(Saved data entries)
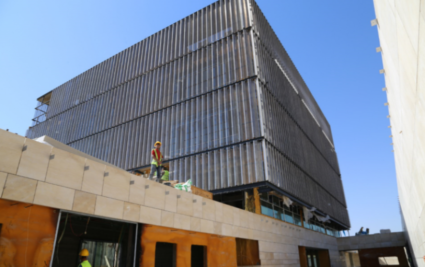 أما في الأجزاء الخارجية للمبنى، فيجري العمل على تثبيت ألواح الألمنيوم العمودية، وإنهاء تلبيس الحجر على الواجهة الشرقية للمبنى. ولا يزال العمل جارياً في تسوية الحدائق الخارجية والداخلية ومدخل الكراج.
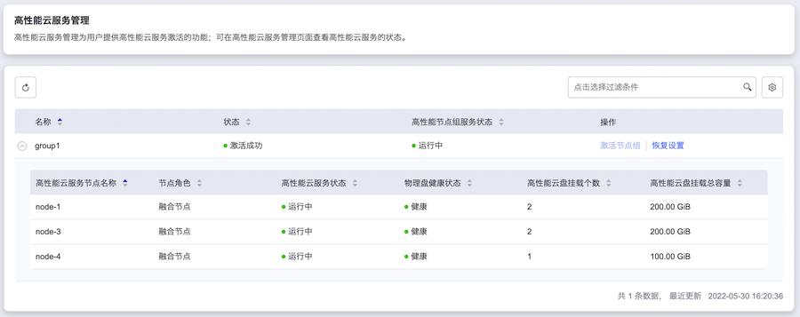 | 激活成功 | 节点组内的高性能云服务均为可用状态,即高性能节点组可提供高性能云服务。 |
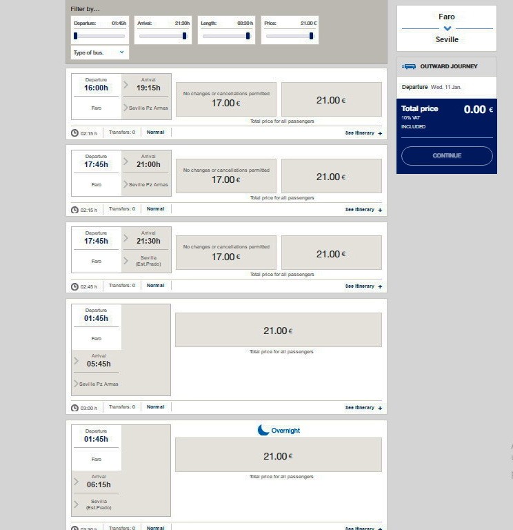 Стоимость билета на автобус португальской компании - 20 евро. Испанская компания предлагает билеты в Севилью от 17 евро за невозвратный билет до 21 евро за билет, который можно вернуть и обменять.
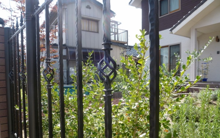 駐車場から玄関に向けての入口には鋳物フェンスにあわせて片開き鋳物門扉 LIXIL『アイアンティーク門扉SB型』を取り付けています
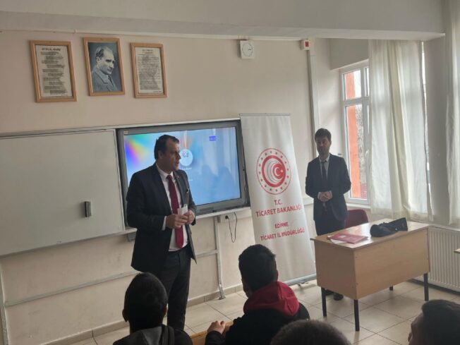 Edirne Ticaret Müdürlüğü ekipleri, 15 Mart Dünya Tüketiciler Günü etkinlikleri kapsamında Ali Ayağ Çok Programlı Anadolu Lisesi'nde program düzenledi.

What you need to do → Output the records exactly, pictures excluded.

Response below →
 أما في الأجزاء الخارجية للمبنى، فيجري العمل على تثبيت ألواح الألمنيوم العمودية، وإنهاء تلبيس الحجر على الواجهة الشرقية للمبنى. ولا يزال العمل جارياً في تسوية الحدائق الخارجية والداخلية ومدخل الكراج.
 | 激活成功 | 节点组内的高性能云服务均为可用状态,即高性能节点组可提供高性能云服务。 |
 Стоимость билета на автобус португальской компании - 20 евро. Испанская компания предлагает билеты в Севилью от 17 евро за невозвратный билет до 21 евро за билет, который можно вернуть и обменять.
 駐車場から玄関に向けての入口には鋳物フェンスにあわせて片開き鋳物門扉 LIXIL『アイアンティーク門扉SB型』を取り付けています
 Edirne Ticaret Müdürlüğü ekipleri, 15 Mart Dünya Tüketiciler Günü etkinlikleri kapsamında Ali Ayağ Çok Programlı Anadolu Lisesi'nde program düzenledi.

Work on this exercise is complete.